● **Input material**:
----

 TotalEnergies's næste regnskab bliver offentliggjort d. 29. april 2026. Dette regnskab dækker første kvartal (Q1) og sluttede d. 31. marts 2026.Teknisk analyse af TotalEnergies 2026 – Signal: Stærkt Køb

----

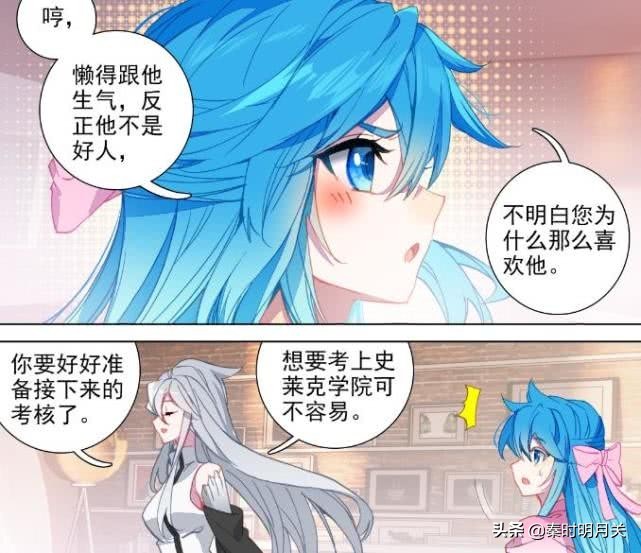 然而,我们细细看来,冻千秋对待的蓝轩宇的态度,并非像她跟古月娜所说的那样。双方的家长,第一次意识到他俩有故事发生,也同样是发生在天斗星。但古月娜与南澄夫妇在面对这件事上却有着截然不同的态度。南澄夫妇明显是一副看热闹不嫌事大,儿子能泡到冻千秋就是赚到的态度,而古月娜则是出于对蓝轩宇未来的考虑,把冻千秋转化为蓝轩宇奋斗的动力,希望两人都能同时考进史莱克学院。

----

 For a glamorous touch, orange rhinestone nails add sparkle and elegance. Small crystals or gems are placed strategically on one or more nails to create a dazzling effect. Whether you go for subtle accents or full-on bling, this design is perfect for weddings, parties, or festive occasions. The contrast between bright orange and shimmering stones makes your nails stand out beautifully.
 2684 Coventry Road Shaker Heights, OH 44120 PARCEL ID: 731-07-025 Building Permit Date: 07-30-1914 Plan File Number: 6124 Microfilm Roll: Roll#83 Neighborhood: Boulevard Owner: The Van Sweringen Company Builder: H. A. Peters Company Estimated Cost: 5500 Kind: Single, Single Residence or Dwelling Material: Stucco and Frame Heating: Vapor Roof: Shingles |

----

● **Exercise goal**: Of the lines above, retype only those from the line containing "For a glamorous" through the line containing "2684 Coventry Road", including both, exactly.

● **Task response**:
 For a glamorous touch, orange rhinestone nails add sparkle and elegance. Small crystals or gems are placed strategically on one or more nails to create a dazzling effect. Whether you go for subtle accents or full-on bling, this design is perfect for weddings, parties, or festive occasions. The contrast between bright orange and shimmering stones makes your nails stand out beautifully.
 2684 Coventry Road Shaker Heights, OH 44120 PARCEL ID: 731-07-025 Building Permit Date: 07-30-1914 Plan File Number: 6124 Microfilm Roll: Roll#83 Neighborhood: Boulevard Owner: The Van Sweringen Company Builder: H. A. Peters Company Estimated Cost: 5500 Kind: Single, Single Residence or Dwelling Material: Stucco and Frame Heating: Vapor Roof: Shingles |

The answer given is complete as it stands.